My first attempt involved using SMOP. Ran into a heap of errors and decided it wasn't worth the trouble.
My second attempt involved converting the code directly to python by using the numpy and scipy libraries.
Here's my attempt so far
import numpy as np
import scipy.sparse as sps
def build_laplacian_2D_kron(N):
e = np.ones(shape=(N, 1))
data = np.concatenate([e, -2*e, e] , axis= -1)
diags = np.array([-1, 0, 1])
D = sps.spdiags(data.transpose(), diags, N, N)
I = sps.speye(N)
A = np.kron(D, I) + np.kron(I, D)
h = 1 / (N + 1)
A = A / h ** 2
A = sps.spmatrix.tocsc(A)
return A
if __name__ == '__main__':
build_laplacian_2D_kron(6)
When I attempt to run the code the following error shows up
ValueError: offsets array must have rank 1
The error is raised by the function scipy.sparse.spdiags when invoking sps.spdiags on line 9. I presume that the issue is mainly with the way I am initializing data and diags. I have been trying to fix it for quite some time now but to no avail.
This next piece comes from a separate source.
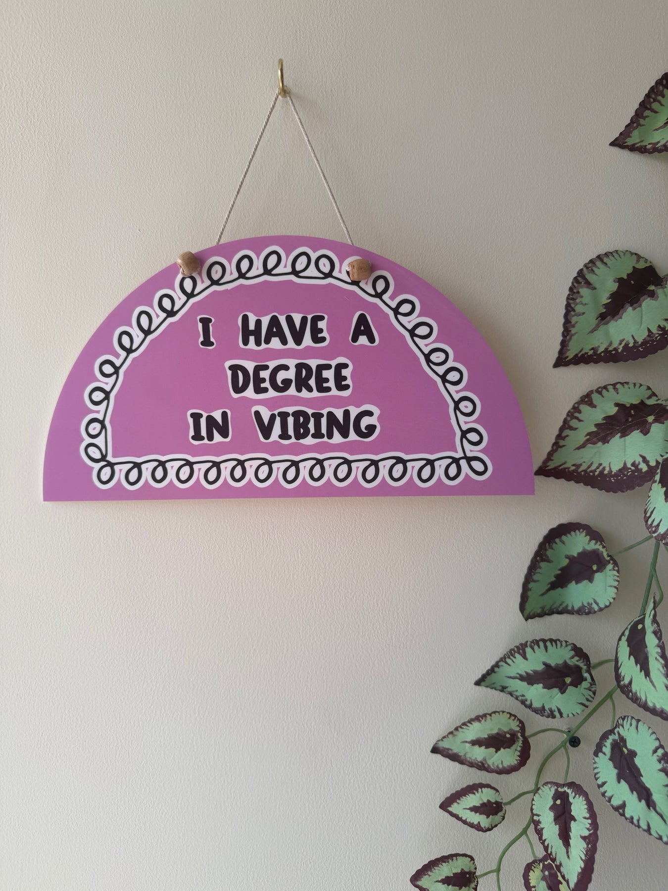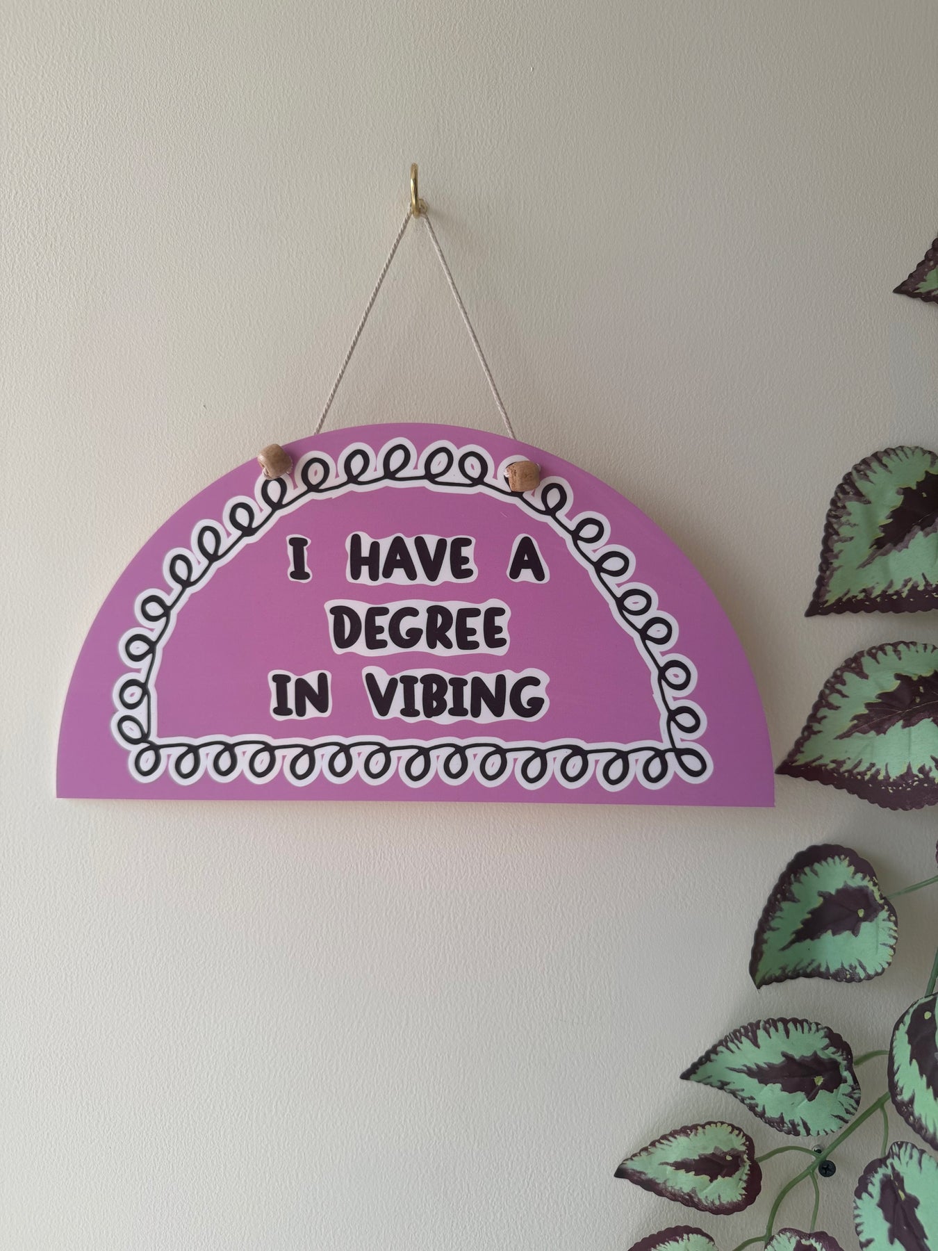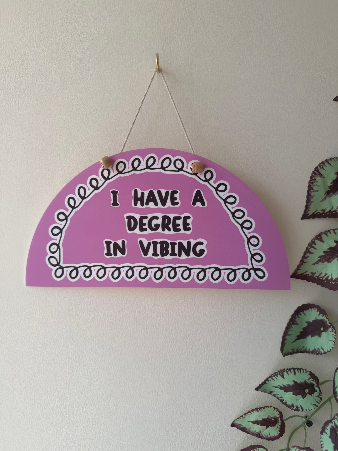 This lilac semicircle wall art features soft inner detailing that gently frames the quote, “I have a degree in vibing”. Light-hearted and carefree, the message adds a fun, relaxed energy to your space — perfect for those who appreciate good vibes, calm moments, and effortless style.

Any help would be highly appreciated
Update: With the recommendations from hpaulj I fixed the errors in the python implementation and updated the code above. Here's the output for N = 2
(0, 0) -36.0
(1, 0) 9.0
(2, 0) 9.0
(3, 0) 0.0
(0, 1) 9.0
(1, 1) -36.0
(2, 1) 0.0
(3, 1) 9.0
(0, 2) 9.0
(1, 2) 0.0
(2, 2) -36.0
(3, 2) 9.0
(0, 3) 0.0
(1, 3) 9.0
(2, 3) 9.0
(3, 3) -36.0
Process finished with exit code 0
However it does not quite match with the output in matlab(which excludes the 0 entries in the resulting matrix)
ans =
(1,1) -36
(2,1) 9
(3,1) 9
(1,2) 9
(2,2) -36
(4,2) 9
(1,3) 9
(3,3) -36
(4,3) 9
(2,4) 9
(3,4) 9
(4,4) -36
What modification can I make to my python implementation to exclude the 0 entries in my output? Any help would be appreciated.